America and the EU will co-ordinate their controls on exporting semiconductors and other critical technology to China, according to a draft statement seen by Reuters. They are also expected to announce joint measures to address Chinese economic coercion at a meeting in Sweden at the end of May. The report comes amid concerns, particularly among American officials, that approaches to China on each side of the Atlantic may diverge.

Congress, India’s main opposition party, won an emphatic victory in elections in the southern state of Karnataka, defeating the ruling Bharatiya Janata Party. The vote is the first of five crucial state elections this year that will set the tone for national parliamentary elections, due by April 2024. Rahul Gandhi, Congress’s leader, lost his parliamentary seat this year having been convicted of defamation.

Israel and Islamic Jihad, a militant group in Palestine, agreed to a ceasefire to end five days of fighting in which 33 people died.

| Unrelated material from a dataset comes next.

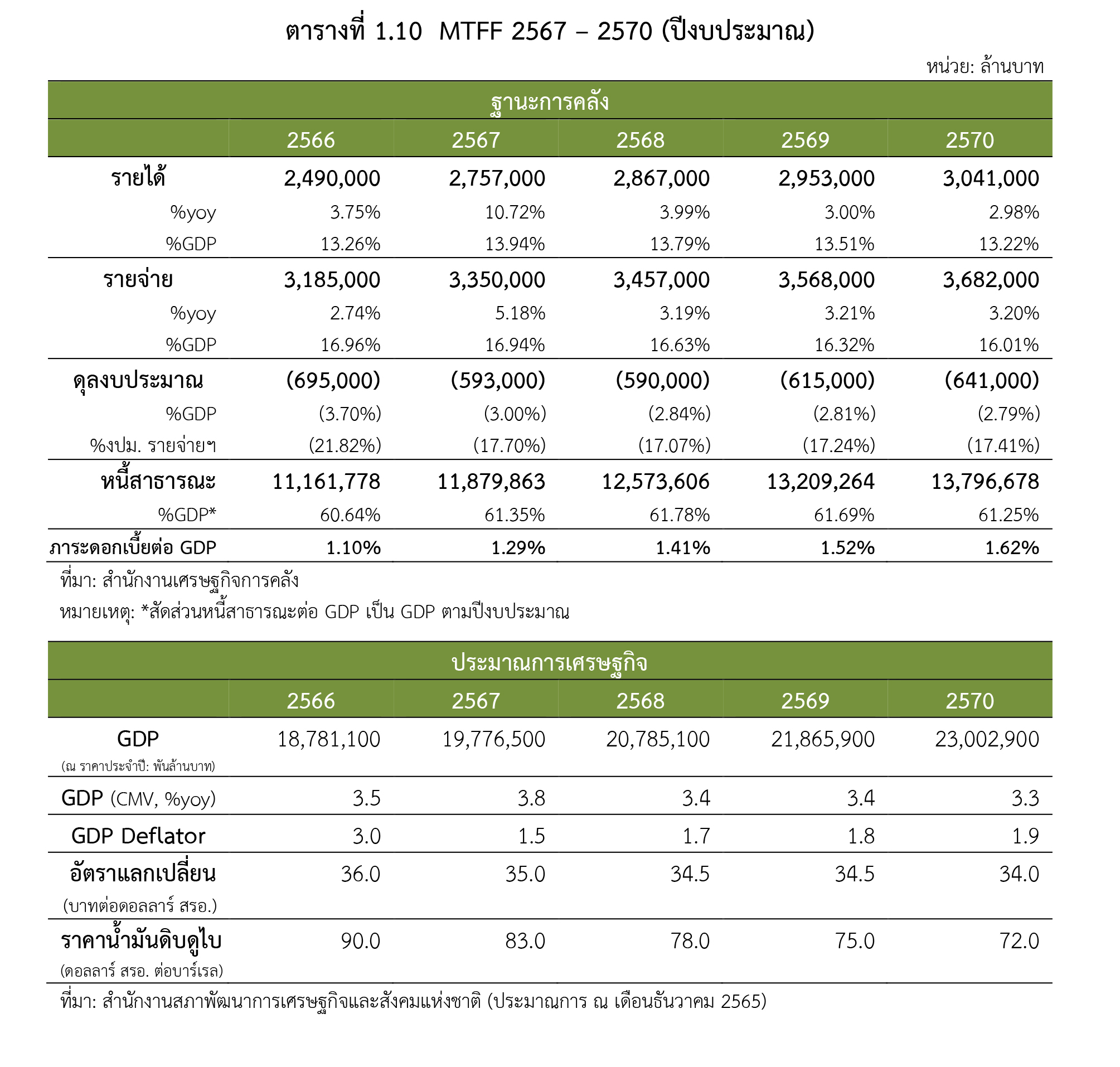 ทั้งนี้ ระดับหนี้สาธารณะในอนาคตระยะปานกลางมีแนวโน้มดีขึ้นเมื่อเทียบกับ MTFF ฉบับก่อน (ปีงบฯ 2566–2569) จากการกำหนดระดับการขาดดุลไม่เกิน 3% ต่อ GDP โดยประมาณการสัดส่วนหนี้สาธารณะต่อ GDP ณ สิ้นปีงบฯ 2570 อยู่ที่ 61.25% ต่อ GDP เพิ่มขึ้นเพียงเล็กน้อยจาก 60.64% ณ สิ้นปีงบฯ 2566

The violence erupted when Israel killed three Islamist commanders it accused of planning attacks on their soil, resulting in the worst cross-border fire since a 10-day war in 2021. Many are sceptical that the latest truce, brokered by Egypt, addresses the underlying issues in the conflict.

Sweden won the Eurovision Song Contest, a staggeringly popular cheesefest. Loreen sang the winning entry, “Tattoo”, the second time she has triumphed at the competition. Sweden has now prevailed in the annual contest a record-equalling seven times. Its first success came in 1974 with a then-obscure band named ABBA.